Z trudem wyszedłem na Mszę św. poranną, ale pustka, a nawet złość zalewała serce. Niewiele zmieniło przyjęcie Komunii św. bo Pan też nie chce łączyć się z duszą pełną złości.

    Wyobraź sobie teraz niewierzącego, namówionego „na wiarę” lub wroga, który chce poznać „co to jest”. Bez drgnięcia łaski Bożej odwróci się jeszcze bardziej, a szatan na pewno postara się, aby nie zszedł z drogi prowadzącej do zguby. A może ta pustka jest wynikiem prośby o odejmowanie mi łaski wiary i przekazywanie jej potrzebującym? Nie wiem...
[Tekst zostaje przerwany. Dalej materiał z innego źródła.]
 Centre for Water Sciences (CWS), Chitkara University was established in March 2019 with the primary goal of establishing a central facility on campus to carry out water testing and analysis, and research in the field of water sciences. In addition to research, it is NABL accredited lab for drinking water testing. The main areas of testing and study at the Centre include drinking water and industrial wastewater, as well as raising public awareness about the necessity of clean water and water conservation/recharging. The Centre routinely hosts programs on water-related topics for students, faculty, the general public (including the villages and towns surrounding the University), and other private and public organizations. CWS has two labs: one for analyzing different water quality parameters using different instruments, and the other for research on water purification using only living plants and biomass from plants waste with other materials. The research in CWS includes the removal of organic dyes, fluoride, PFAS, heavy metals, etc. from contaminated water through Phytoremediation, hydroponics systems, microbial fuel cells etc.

   Z małym oporem wybrałem się dodatkowo na Mszę św. o 17.00  i  po drodze odmówiłem koronkę do Miłosierdzia Bożego oraz „pokutę” po ostatniej spowiedzi („Pod Twoją obronę”). To bardzo piękna prośba do Matki Bożej, którą powtarzałem wielokrotnie.

    Teraz słucham zadziwiony: „To wam oznajmiamy (...) co ujrzeliśmy własnymi oczami (...), bo życie objawiło się. (...) świadczymy i głosimy wam życie wieczne.” 1J1, 1-4  

   Nagle z krzykiem przybiegła Maria Magdalena: "Zabrano Pana z grobu i nie wiemy, gdzie Go położono". Szymon Piotr wszedł do wnętrza grobu i stwierdził, że nie ma tam ciała Pana Jezusa. J 20, 2-8

   Słuchałem tego zdziwiony, bo właśnie na blogu Joanny Senyszyn napisałem komentarz do jej rozważań o odchodzących:

    „Ś m i e r ć  to  ż y c i e...zarazem tragedia ludzi niewierzących, ponieważ dowiadują się o tym za późno. Ciało rozwija się i zwija, a dusza w tym czasie ma stać się świętą, bo inaczej nie wrócisz do Boga.
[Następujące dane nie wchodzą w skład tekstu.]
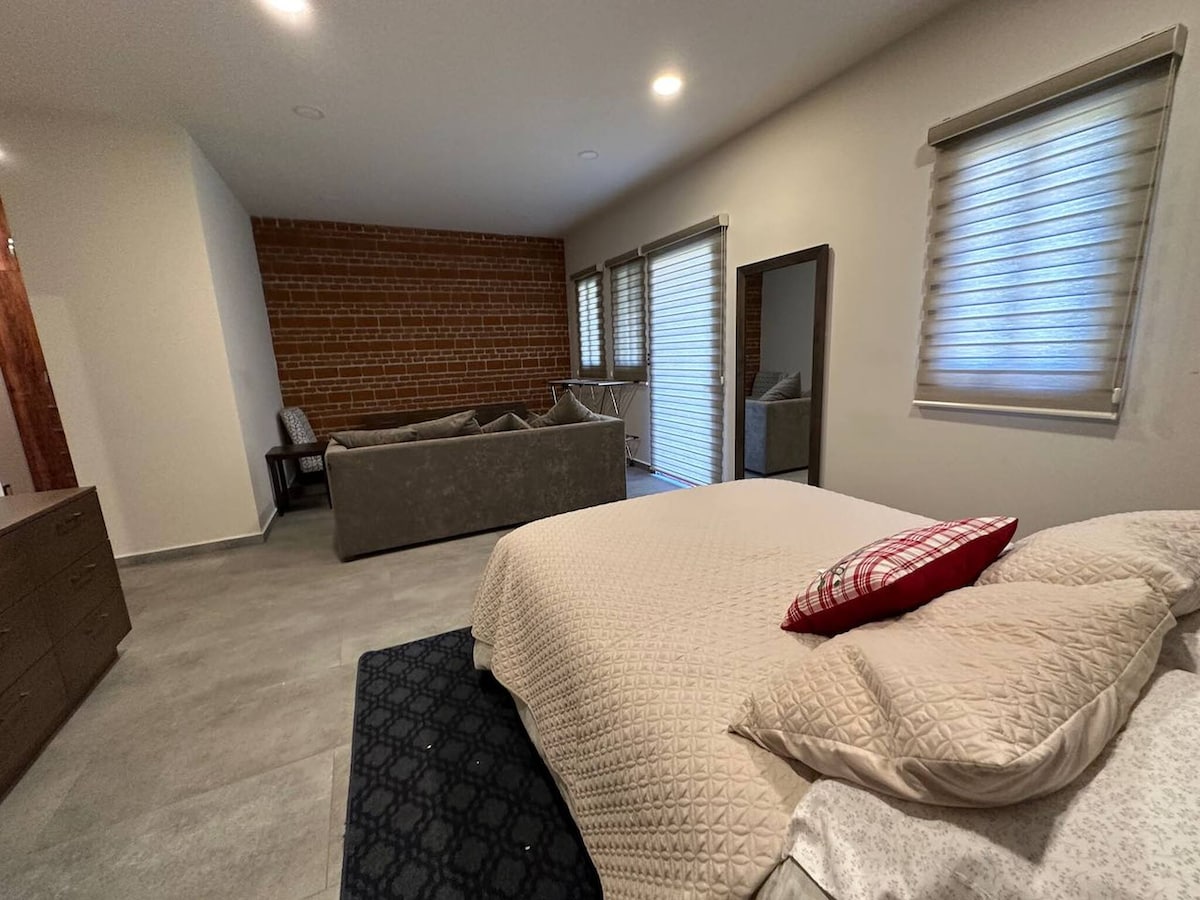 Ρομαντική και κομψή σοφίτα στο ισόγειο στο Val 'Quirico. Ιδανικό για να γιορτάσετε ξεχωριστές στιγμές με τον/την σύντροφό σας. Εξοπλισμένο για μέγιστη απόλαυση: Σεξουαλική πολυθρόνα, αίτημα για παιχνίδια για ενήλικες και πώληση κρασιού. Απολαύστε μικρή κουζίνα, μπαρ, μίνι μπαρ, σαλόνι και όλα όσα χρειάζεστε για μια αξέχαστη εμπειρία. Κρεβάτι queen size με κομψά σεντόνια, βεράντα με ιδιωτικό εξωτερικό τζακούζι, πλήρες μπάνιο για την άνεσή σας. Βήματα από το Zocalo και την Plaza Haces, ζήστε μια μοναδική γοητεία!

    Nie mogę pojąć jak ludzie wykształceni i mający dostęp do różnych źródeł wiedzy zrównują swoje życie ze zwierzętami, a różnimy się od nich posiadaniem duszy, która jest wcielana w momencie poczęcia (zarodek staje się ludzkim).

    Teoria Darwina jest prawdziwa, ale dotyczy tylko danego gatunku, bo nasz kod DNA sięga Adama i Ewy! Bóg nie mógł objawić się człowiekowi dzikiemu, podobnemu do małpy. Nadszedł czas i wówczas Ojciec Prawdziwy przedstawił się >JA JESTEM<. 
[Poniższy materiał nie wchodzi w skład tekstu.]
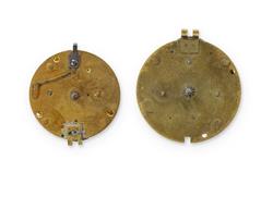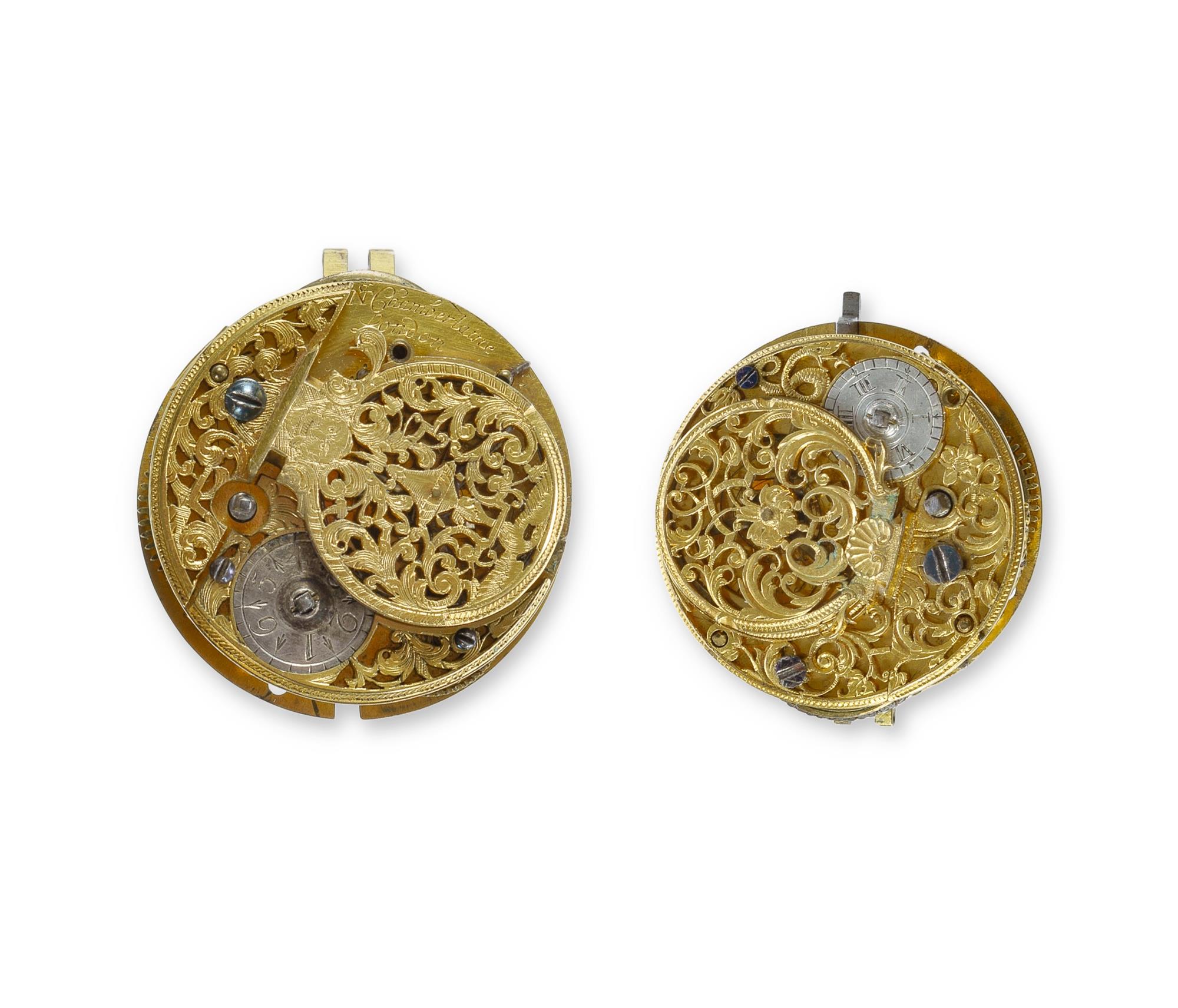 2 17th C Verge Movements Includes movement marked N. Chamberlaine (Nathaniel Chamberlaine active 1660s?) deep movement with Egyptian pillars and spring pre tensioner worm under the barrel, finely pierced and chased balance cover featuring the face of Chronos, an urn and phoenix, balance poised; and another movement with filigree pillars, balance A/F. (Dia.39mm)

  Śmierć to tylko rozłąka, która także jest przykra, ale traktowanie tego jako zniknięcie człowieka raz na zawsze jest błędem.” 

     Po Eucharystii słodycz i pokój zalały serce. Niespodziewanie do osobistej Mszy św. wyszedł pięknie ubrany kapłan. Przypomniał się właśnie opracowywany zapis z 10.01.1993, gdzie podczas kąpieli napłynęło odczucie, że „moja śmierć to zysk, a każdy dzień życia przybliża mnie do Pana.” Wówczas radość zalała serce, a na porannej Mszy św. wzrok zatrzymał ornat kapłana aż zawołałem: „och Jezu”!

   Z powodu obdarowania przez Boga łzy zakręciły się w oczach, bo poranną pustkę zastąpiła bliskości Królestwa Niebieskiego. Ja wiem, że istnieje, ale w tym momencie poczułem to w duszy.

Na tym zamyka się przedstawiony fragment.